• **Task objective**:
Restate the data word for word and leave the images out.

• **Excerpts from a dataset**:
★ ★ ★ ★

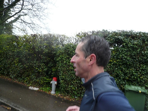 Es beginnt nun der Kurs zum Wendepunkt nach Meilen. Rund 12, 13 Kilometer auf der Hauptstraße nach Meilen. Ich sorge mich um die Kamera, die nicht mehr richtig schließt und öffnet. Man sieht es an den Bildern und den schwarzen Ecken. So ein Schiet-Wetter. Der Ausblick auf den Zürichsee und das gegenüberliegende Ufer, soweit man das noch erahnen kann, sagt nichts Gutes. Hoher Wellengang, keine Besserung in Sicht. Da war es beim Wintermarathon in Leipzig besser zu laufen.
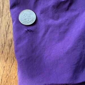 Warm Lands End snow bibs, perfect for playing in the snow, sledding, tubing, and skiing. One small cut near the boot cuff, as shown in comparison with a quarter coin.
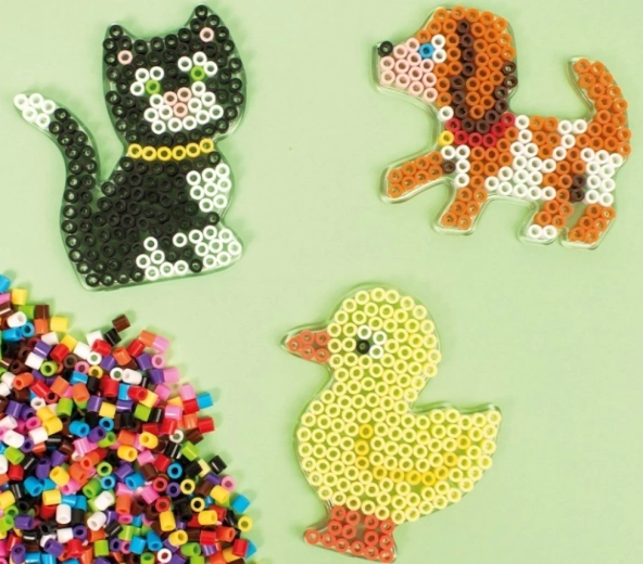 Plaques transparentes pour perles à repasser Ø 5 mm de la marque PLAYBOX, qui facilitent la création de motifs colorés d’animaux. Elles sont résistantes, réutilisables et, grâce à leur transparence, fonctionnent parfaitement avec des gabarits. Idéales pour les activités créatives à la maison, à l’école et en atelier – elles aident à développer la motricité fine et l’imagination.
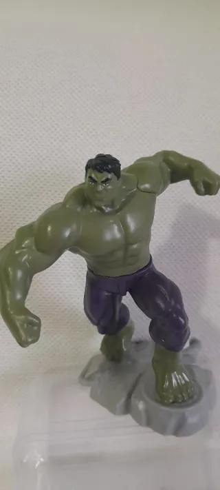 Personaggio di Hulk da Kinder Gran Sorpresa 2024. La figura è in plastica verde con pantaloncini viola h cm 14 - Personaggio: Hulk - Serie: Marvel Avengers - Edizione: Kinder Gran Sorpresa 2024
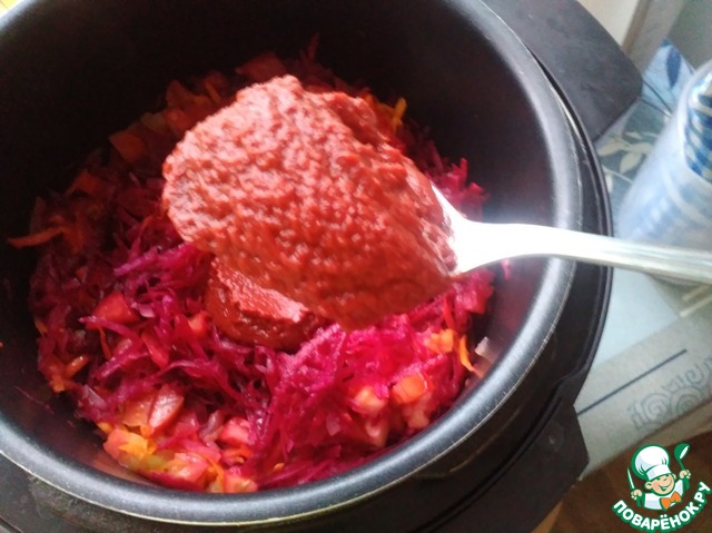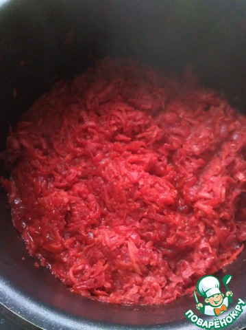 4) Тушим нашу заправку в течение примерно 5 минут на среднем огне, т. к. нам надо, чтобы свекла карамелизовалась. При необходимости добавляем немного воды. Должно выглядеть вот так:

★ ★ ★ ★

• **Solution to this exercise**:
 Es beginnt nun der Kurs zum Wendepunkt nach Meilen. Rund 12, 13 Kilometer auf der Hauptstraße nach Meilen. Ich sorge mich um die Kamera, die nicht mehr richtig schließt und öffnet. Man sieht es an den Bildern und den schwarzen Ecken. So ein Schiet-Wetter. Der Ausblick auf den Zürichsee und das gegenüberliegende Ufer, soweit man das noch erahnen kann, sagt nichts Gutes. Hoher Wellengang, keine Besserung in Sicht. Da war es beim Wintermarathon in Leipzig besser zu laufen.
 Warm Lands End snow bibs, perfect for playing in the snow, sledding, tubing, and skiing. One small cut near the boot cuff, as shown in comparison with a quarter coin.
 Plaques transparentes pour perles à repasser Ø 5 mm de la marque PLAYBOX, qui facilitent la création de motifs colorés d’animaux. Elles sont résistantes, réutilisables et, grâce à leur transparence, fonctionnent parfaitement avec des gabarits. Idéales pour les activités créatives à la maison, à l’école et en atelier – elles aident à développer la motricité fine et l’imagination.
 Personaggio di Hulk da Kinder Gran Sorpresa 2024. La figura è in plastica verde con pantaloncini viola h cm 14 - Personaggio: Hulk - Serie: Marvel Avengers - Edizione: Kinder Gran Sorpresa 2024
 4) Тушим нашу заправку в течение примерно 5 минут на среднем огне, т. к. нам надо, чтобы свекла карамелизовалась. При необходимости добавляем немного воды. Должно выглядеть вот так:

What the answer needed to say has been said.